Why the NRA suddenly cares so much about Supreme Court nomination battles.

What does the NRA have against Kagan?
What does the NRA have against Kagan?

This may finally be the year the NRA traded in its safety goggles for rose-colored glasses. Certainly the nation's most powerful lobby group is entitled to take aim at anyone it wants. But the fact that the National Rifle Association has begun picking targets based on fantasy rather than fact says something sad about both the NRA and the state of American politics. The NRA's recent foray into the judicial confirmation process reveals that, when the subject is guns in America, legal aspirations now trump legal reality.

Start with the fact that the NRA hadn't waded into the Supreme Court judicial confirmation wars at all until it took aim at nominee Sonia Sotomayor last summer. Court-watchers were surprised at the group's decision to target Sotomayor, both because the Supreme Court had just handed down District of Columbia v. Heller, the most important Second Amendment victory in American history and also because the entire case against Sotomayor rested on the fact that she had been unwilling, as a court of appeals judge, to go further than the Supreme Court had gone in Heller and apply Heller to the states. In other words, like staunch conservative judges Richard Posner and Frank Easterbrook of the Seventh Circuit Court of Appeals, Sotomayor felt it would be judicial activism of the worst sort to get ahead of the high court on a question the Supreme Court had expressly declined to answer yet. As Robert A. Levy of the Cato Institute explained last summer: "The decision of the Second Circuit panel, including Judge Sotomayor, was well within the bounds of responsible judging. Perhaps the Second and Seventh Circuits were correct. Perhaps the Ninth Circuit panel had the better of the argument. It's a close call—not the kind of call on which confirmations ought to turn (or even focus)."

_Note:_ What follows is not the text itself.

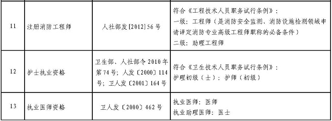 一、通過(guò)國(guó)家職業(yè)資格考試,取得房地產(chǎn)估價(jià)師、造價(jià)工程師、注冊(cè)城鄉(xiāng)規(guī)劃師、執(zhí)業(yè)藥師、注冊(cè)安全工程師、注冊(cè)核安全工程師、注冊(cè)驗(yàn)船師、注冊(cè)計(jì)量師、注冊(cè)會(huì)計(jì)師、注冊(cè)消防工程師、護(hù)士執(zhí)業(yè)資格、醫(yī)師執(zhí)業(yè)資格等13項(xiàng)準(zhǔn)入類(lèi)職業(yè)資格的人員,用人單位可根據(jù)相關(guān)任職條件和崗位空缺情況聘任相應(yīng)的專(zhuān)業(yè)技術(shù)職務(wù)。

But never mind, the NRA took aim at Sotomayor with both barrels and suffered some embarrassment when its effort to scare senators failed to have much impact. This wobble over Sotomayor may explain why, when Elena Kagan was up for Supreme Court confirmation this year, the NRA evinced some initial confusion over tactics for the confirmation hearings themselves, and even prevented its board members from testifying against her. After all, the evidence that Kagan is hostile to gun rights was even flimsier than their case against Sotomayor.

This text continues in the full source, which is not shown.